The vector cross product, I believe (or the magnitude thereof) gives the area of the corresponding parallelogram. Hence, divide by two to get the answer. I get

$$[ \langle -4,1,0 \rangle- \langle 1,4,0 \rangle] \times [ \langle -4,1,0 \rangle- \langle -5,10,0 \rangle]= \langle -5,-3,0 \rangle \times \langle 1,-9,0 \rangle$$
$$= \left| \begin{matrix} \hat{i} & \hat{j} & \hat{k}\\ -5 &-3 &0 \\ 1 &-9 &0\end{matrix} \right| = \hat{k}((-5)(-9)-(-3)(1))= \hat{k}(45+3)=48 \hat{k}.$$
Hence, the area of the triangle is $24$ units squared.
 

MarkFL

Administrator
Staff member
Feb 24, 2012
13,775
Re: Area

Using the formula I developed in this topic, we find:

\(\displaystyle A=\frac{1}{2}|(-5+4)(4-1)-(1+4)(10-1)|=\frac{48}{2}=24\)
 

Prove It

Well-known member
MHB Math Helper
Jan 26, 2012
1,403
Re: Area

In an orthogonal cordinate system determine the area of the triangle with vertices in \(\displaystyle (-4,1)\), \(\displaystyle (1,4)\) and \(\displaystyle (-5,10)\) There is prob many way to solve it so go ahead with your method:) I made a hint for vector method.



Hint
The area of a triangle is half of the area of parallelogram
If you get really desperate, you could work out the length of each side of the triangle by evaluating the distance between each set of points, and then use Heron's Formula.
 

TheEmptySet

New member
Mar 15, 2012
8
Re: Area

The good old fashion method.
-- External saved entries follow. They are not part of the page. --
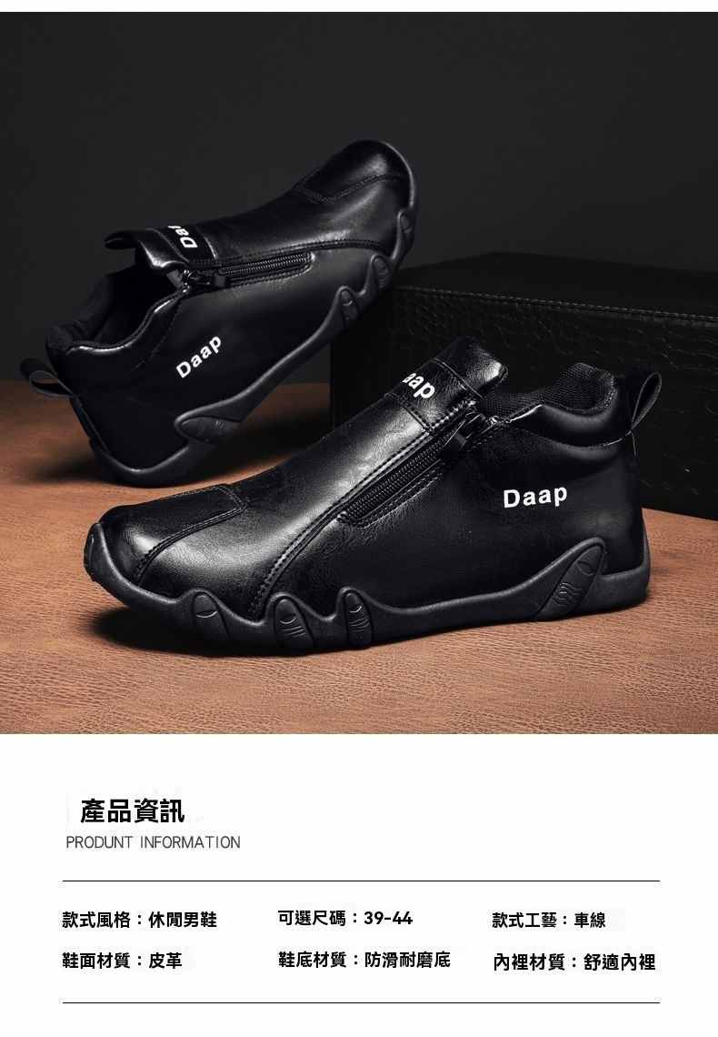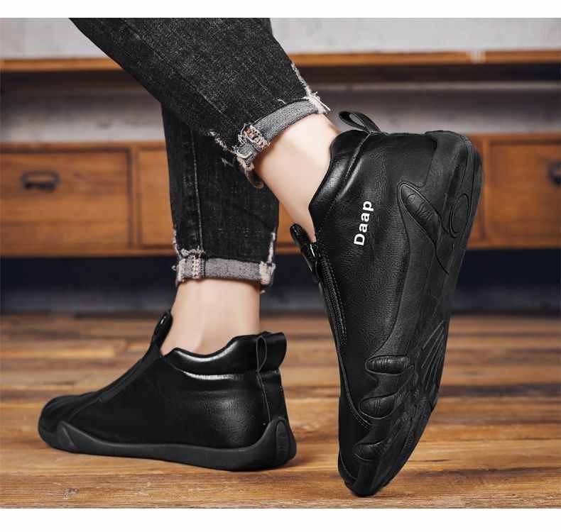 高幫秋季戶外百搭休閒皮鞋【黑色】一雙
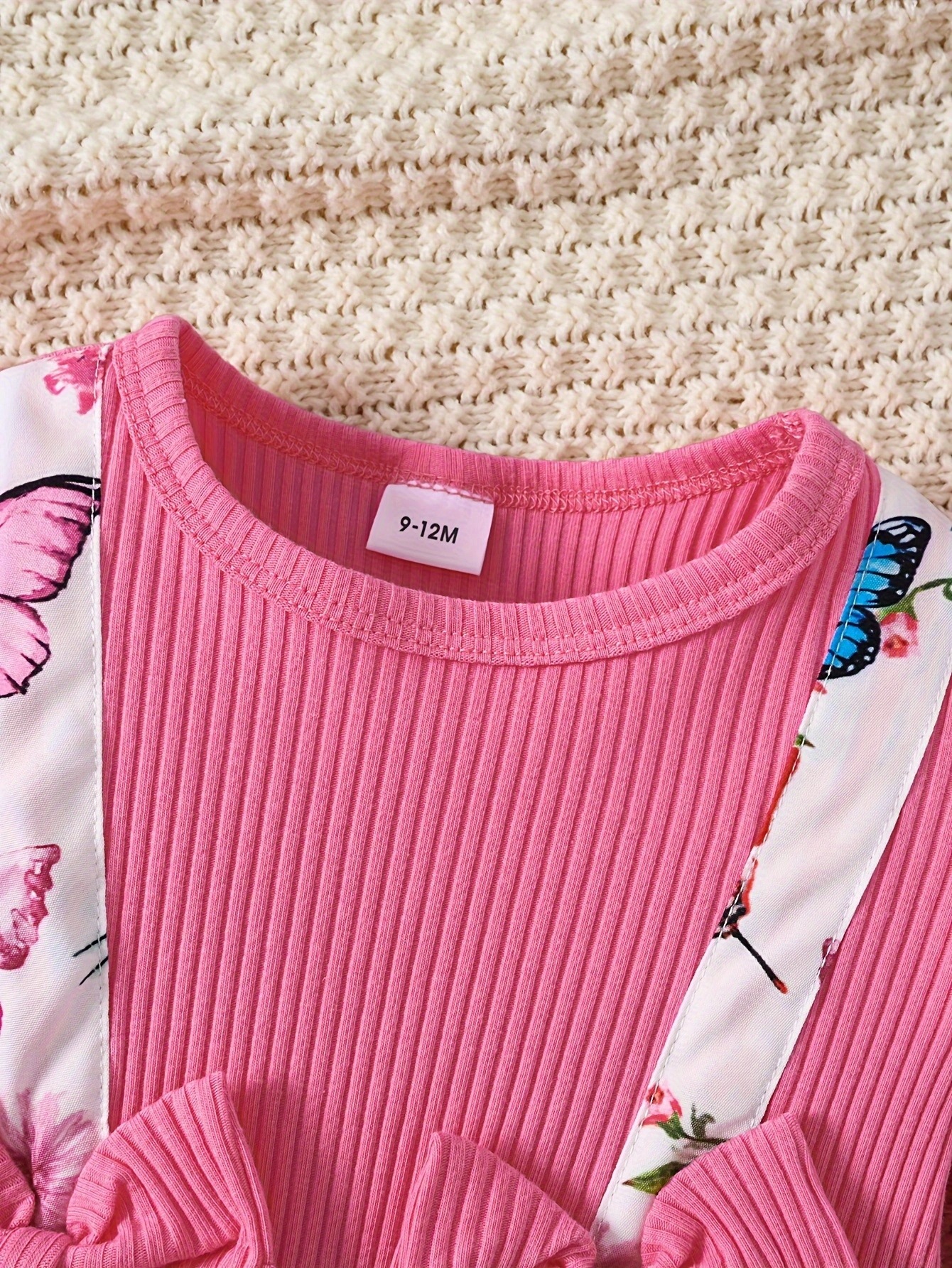 3M-3Y Baby Girls Bow Print Patchwork Fake Two Piece Dresses Baby Clothing
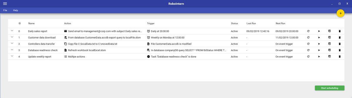 RoboIntern is a comprehensive automation and scheduling software designed to streamline repetitive office tasks. Its user-friendly interface allows effortless management of a wide range of operations, including Microsoft Excel, Word, and Access tasks, email handling, ODBC database integration, PDF manipulations, and FTP file transfers. The software's versatility empowers users to automate a multitude of routine workflows, eliminating the need for manual interventions and enhancing overall productivity. Whether triggered manually or set to run on predefined schedules, the automation features of RoboIntern ensure efficient task completion, freeing up valuable time for more strategic initiatives
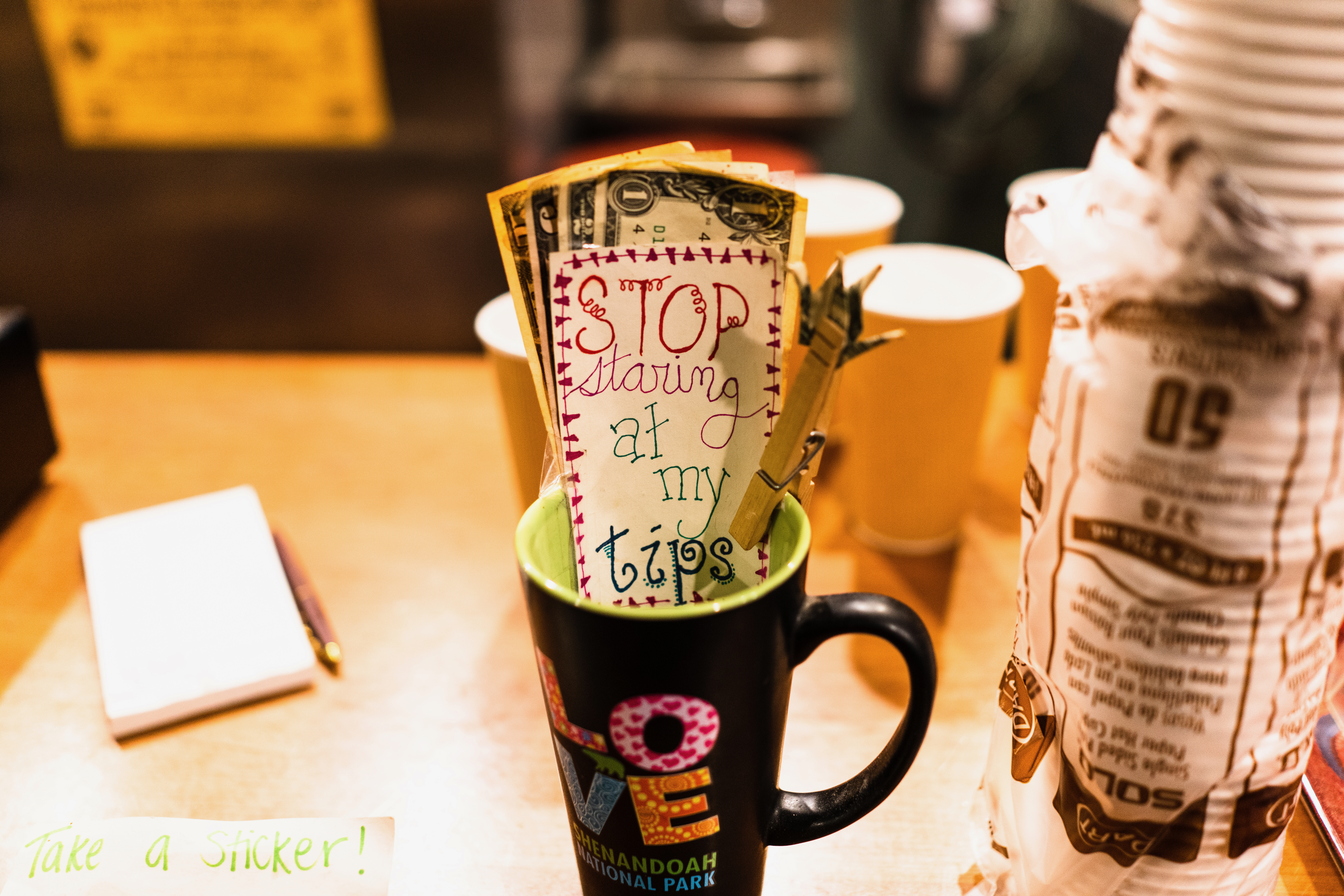 This playful photograph captures a creatively decorated mug filled with cash and a humorous sign that reads, "STOP staring at my tips." The warm lighting adds a cozy ambiance, drawing attention to the cheerful composition of the vibrant mug against the blurred background of a cafe. The overall mood is lighthearted and inviting, reflecting a fun, personal touch in a bustling environment.

The slope between the points (-4,1) and (1,4) is \(\displaystyle \frac{3}{5}. \)So the slope of a line perpendicular to it is \(\displaystyle -\frac{5}{3}\)This gives the two equations \(\displaystyle y-1=\frac{3}{5}(x+4)\) the equation of the line perpendicular is \(\displaystyle y-10=-\frac{5}{3}(x+5)\) Solving the system for the point of intersection gives \(\displaystyle \left(-\frac{13}{17},\frac{50}{17} \right)\) The length of each line segment can now be calculated \(\displaystyle b=\int_{-4}^{1}\sqrt{1+(\frac{3}{5})^2}dx=\frac{24}{17} \sqrt{34}\\ h=\int_{-5}^{-\frac{13}{17}}\sqrt{1+(-\frac{5}{3})^2}dx=\sqrt{34}\\\) This gives the area of the triangle \(\displaystyle A=\frac{1}{2}bh=24\)